The cause of OCPD is unknown. This is a distinct disorder from obsessive–compulsive disorder (OCD), and the relation between the two is contentious. Some (but not all) studies have found high comorbidity rates between the two disorders, and both may share outside similarities – rigid and ritual-like behaviors, for example. Hoarding, orderliness, and a need for symmetry and organization are often seen in people with either disorder. Attitudes toward these behaviors differ between people affected with either of the disorders: for people with OCD, these behaviors are unwanted and seen as unhealthy, being the product of anxiety-inducing and involuntary thoughts, while for people with OCPD they are egosyntonic (that is, they are perceived by the subject as rational and desirable), being the result of, for example, a strong adherence to routines, a natural inclination towards cautiousness, or a desire to achieve perfection.

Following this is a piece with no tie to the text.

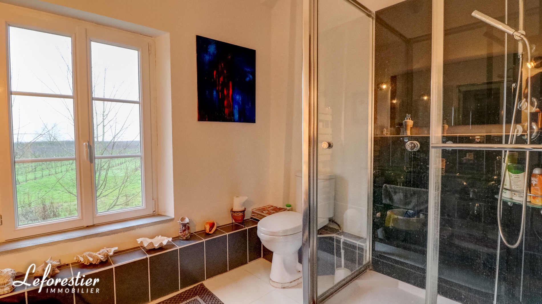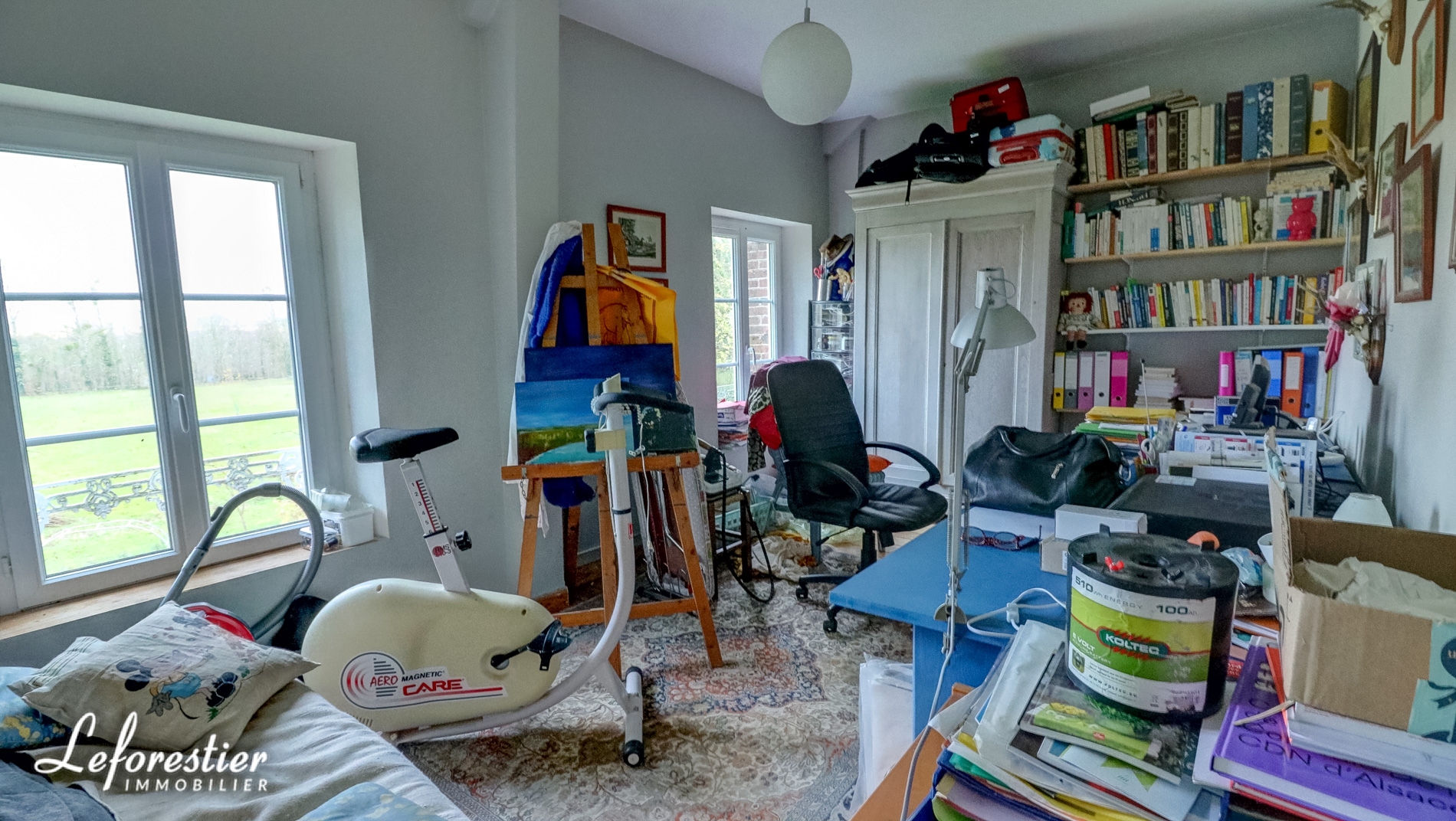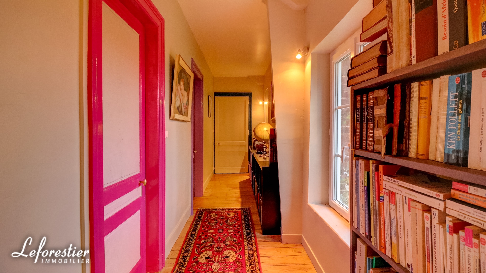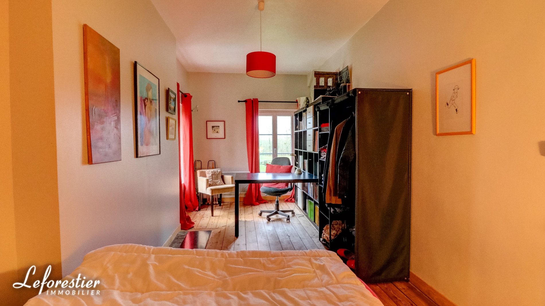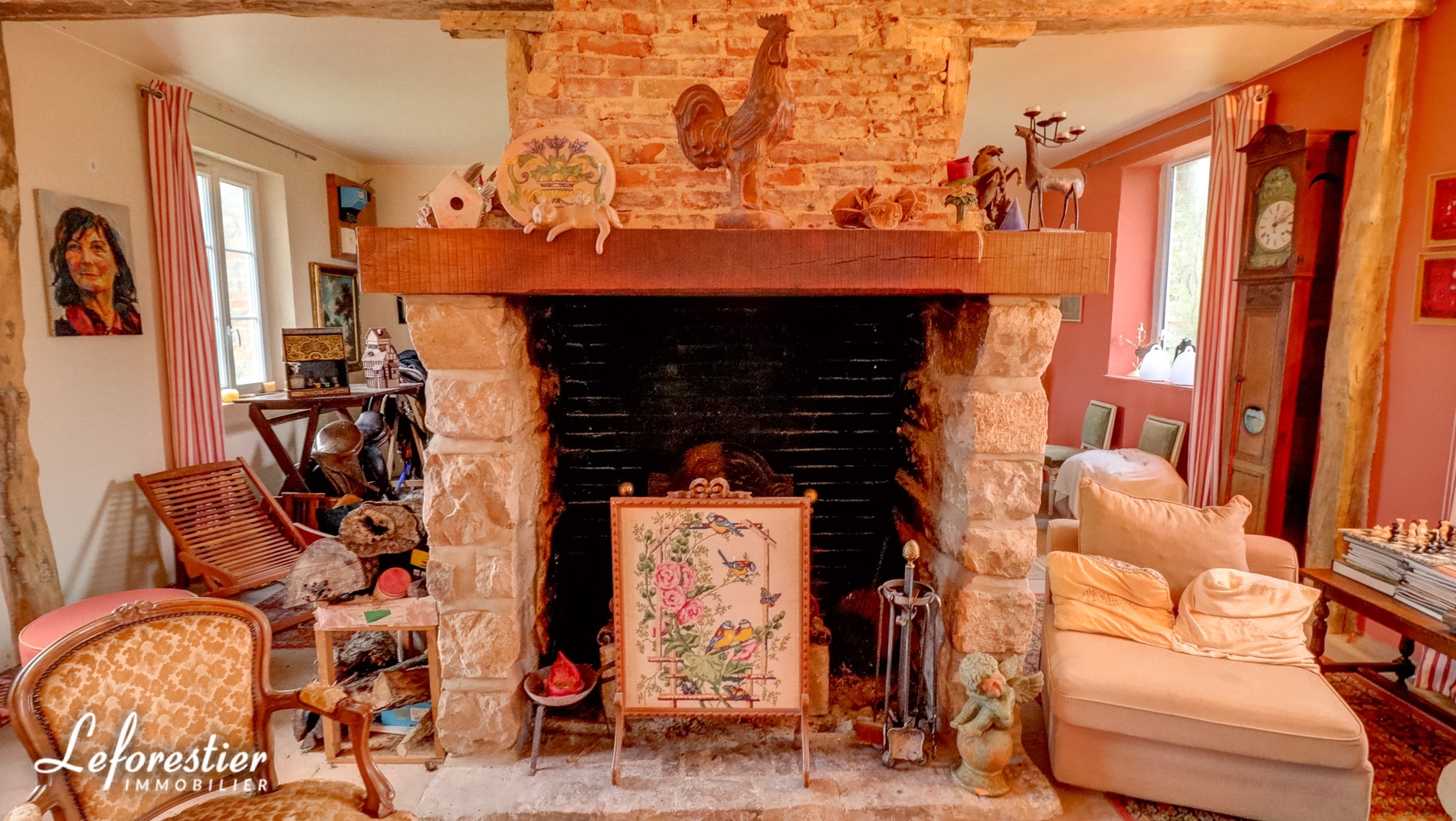 Après avoir parcouru une petite allée, nous voici devant cette belle bâtisse datant de la fin du XIXème siècle. Son environnement calme et préservé saura charmer les amoureux de la nature. Construite en brique, les matériaux sont restés authentiques tout comme les cheminées et le parquet du rez-de-chaussée. A l’étage, les cinq chambres sont confortables et lumineuses et disposent de deux pièces d’eau. La vue de l’étage vers la campagne environnante invite à l’apaisement et à la rêverie. La couverture récente en ardoise naturelle respecte l’authenticité de cette belle propriété de caractère.

OCPD occurs in about 2–8% of the general population and 8–9% of psychiatric outpatients. The disorder more often occurs in men.

The main symptoms of OCPD are preoccupation with remembering and paying attention to minute details and facts, following rules and regulations, compulsion to make lists and schedules, and rigidity/inflexibility of beliefs or showing perfectionism that interferes with task completion. Symptoms may cause extreme distress and interfere with a person's occupational and social functioning. Most people spend their early life avoiding symptoms and developing techniques to avoid dealing with these strenuous issues.